- [What you are asked to do]: Below are the records. Gather each line that holds "base".

- [Data records]:
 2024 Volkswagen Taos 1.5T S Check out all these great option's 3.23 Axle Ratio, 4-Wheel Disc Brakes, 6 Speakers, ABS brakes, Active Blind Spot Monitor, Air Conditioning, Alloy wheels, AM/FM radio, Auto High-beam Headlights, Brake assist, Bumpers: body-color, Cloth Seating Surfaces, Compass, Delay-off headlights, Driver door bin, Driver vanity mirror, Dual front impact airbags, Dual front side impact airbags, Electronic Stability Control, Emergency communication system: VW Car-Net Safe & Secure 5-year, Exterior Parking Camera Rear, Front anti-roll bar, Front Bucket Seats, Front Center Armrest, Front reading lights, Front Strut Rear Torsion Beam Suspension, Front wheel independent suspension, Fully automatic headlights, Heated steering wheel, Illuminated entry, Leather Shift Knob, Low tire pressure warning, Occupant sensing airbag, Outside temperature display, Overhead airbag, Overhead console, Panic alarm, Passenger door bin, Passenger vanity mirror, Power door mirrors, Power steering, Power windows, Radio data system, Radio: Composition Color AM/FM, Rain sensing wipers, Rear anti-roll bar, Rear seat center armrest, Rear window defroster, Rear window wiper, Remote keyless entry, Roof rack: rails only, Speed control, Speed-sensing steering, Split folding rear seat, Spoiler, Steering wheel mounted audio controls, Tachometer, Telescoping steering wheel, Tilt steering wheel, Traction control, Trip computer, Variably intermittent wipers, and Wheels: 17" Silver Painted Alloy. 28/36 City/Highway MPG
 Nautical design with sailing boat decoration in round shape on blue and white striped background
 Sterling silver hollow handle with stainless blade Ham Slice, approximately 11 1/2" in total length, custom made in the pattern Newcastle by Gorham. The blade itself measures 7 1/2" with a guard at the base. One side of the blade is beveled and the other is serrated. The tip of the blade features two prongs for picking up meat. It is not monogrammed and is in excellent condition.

...

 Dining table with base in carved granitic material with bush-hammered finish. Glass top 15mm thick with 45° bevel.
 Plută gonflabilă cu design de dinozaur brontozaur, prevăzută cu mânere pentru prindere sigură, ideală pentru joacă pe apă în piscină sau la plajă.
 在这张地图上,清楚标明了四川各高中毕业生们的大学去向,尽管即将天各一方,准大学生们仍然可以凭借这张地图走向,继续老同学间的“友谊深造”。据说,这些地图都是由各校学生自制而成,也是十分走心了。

...

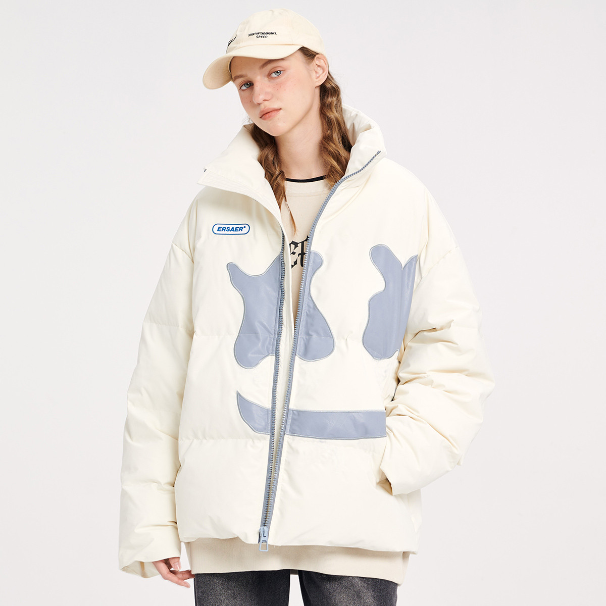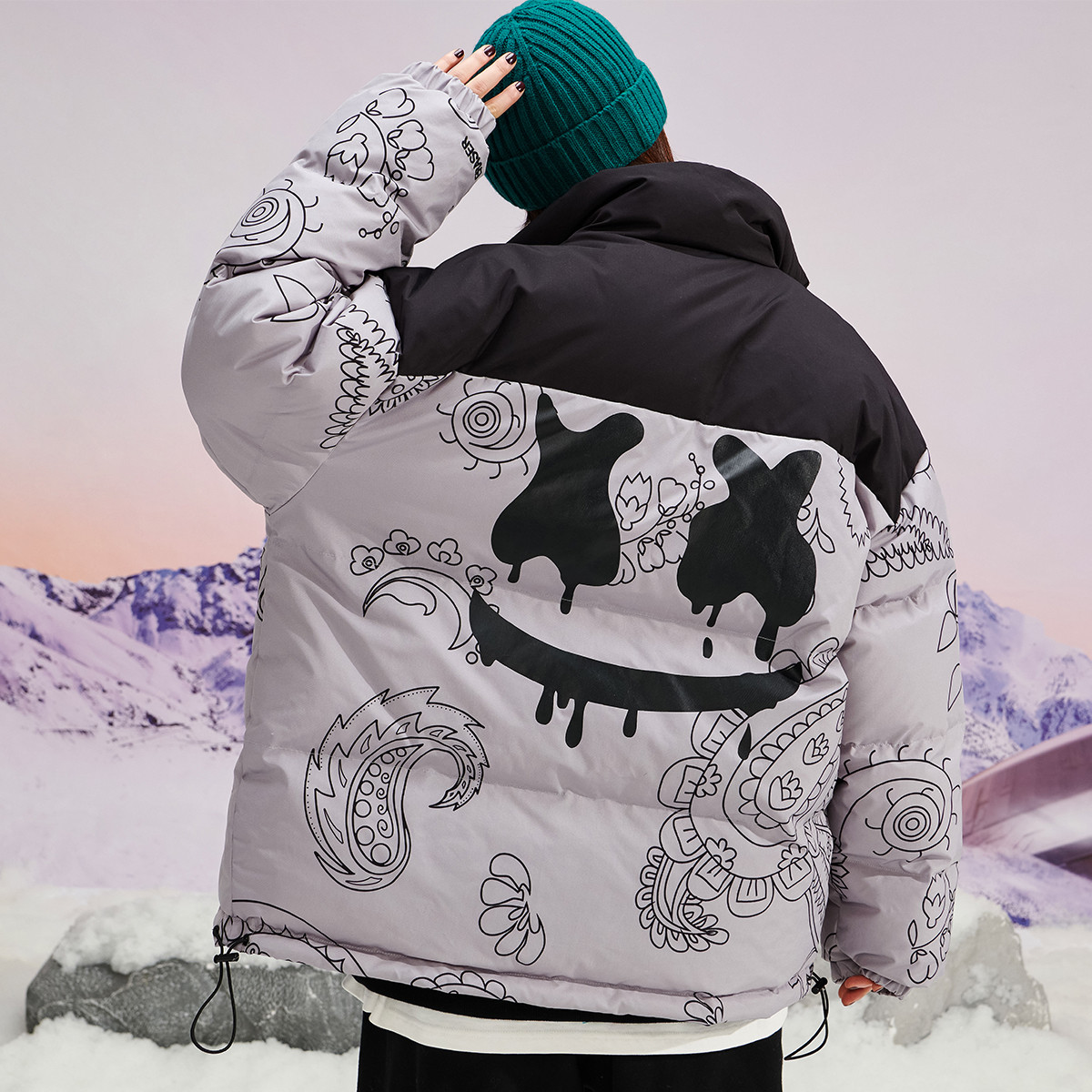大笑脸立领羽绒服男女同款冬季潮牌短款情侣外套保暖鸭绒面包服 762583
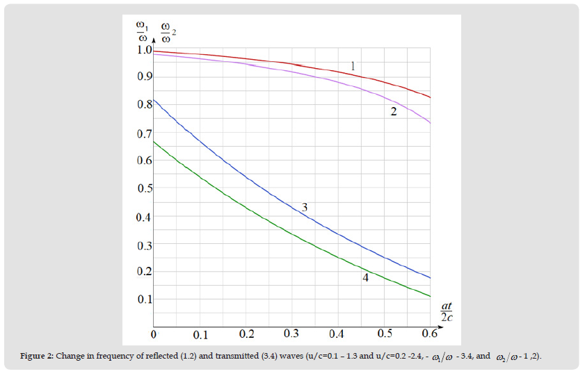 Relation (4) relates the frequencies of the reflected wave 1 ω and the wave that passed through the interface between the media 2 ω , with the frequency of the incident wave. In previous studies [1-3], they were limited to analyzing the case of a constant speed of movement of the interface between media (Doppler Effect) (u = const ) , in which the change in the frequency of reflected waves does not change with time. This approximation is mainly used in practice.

- [Answer box]:
 Sterling silver hollow handle with stainless blade Ham Slice, approximately 11 1/2" in total length, custom made in the pattern Newcastle by Gorham. The blade itself measures 7 1/2" with a guard at the base. One side of the blade is beveled and the other is serrated. The tip of the blade features two prongs for picking up meat. It is not monogrammed and is in excellent condition.
 Dining table with base in carved granitic material with bush-hammered finish. Glass top 15mm thick with 45° bevel.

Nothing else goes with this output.